• **PROBLEM TO SOLVE**: Somewhere below is a line with "パーティ ベルベット調 ワンピース ドレス 刺繍 レース クラシカル(MB021) η" and, later, a line with "La sede sarà"; repeat those two lines and all the lines between them, exactly as they are.

[[ SUPPLIED INFORMATION open ]]

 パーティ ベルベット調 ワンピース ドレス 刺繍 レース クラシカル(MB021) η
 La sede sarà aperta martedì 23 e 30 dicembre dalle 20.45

[[ SUPPLIED INFORMATION closed ]]
[[ SUPPLIED INFORMATION open ]]

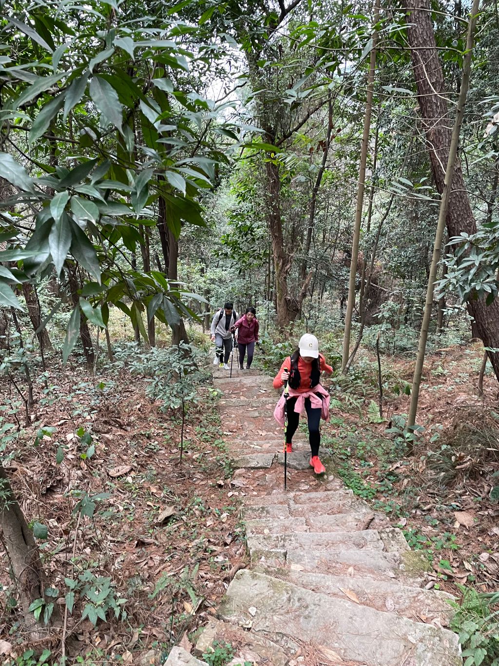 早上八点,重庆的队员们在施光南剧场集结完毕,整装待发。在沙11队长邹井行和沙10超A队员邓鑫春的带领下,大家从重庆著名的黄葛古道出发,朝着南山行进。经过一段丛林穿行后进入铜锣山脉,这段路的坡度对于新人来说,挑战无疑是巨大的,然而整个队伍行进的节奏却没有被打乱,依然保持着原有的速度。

[[ SUPPLIED INFORMATION closed ]]

• **THE ANSWER**:
 パーティ ベルベット調 ワンピース ドレス 刺繍 レース クラシカル(MB021) η
 La sede sarà aperta martedì 23 e 30 dicembre dalle 20.45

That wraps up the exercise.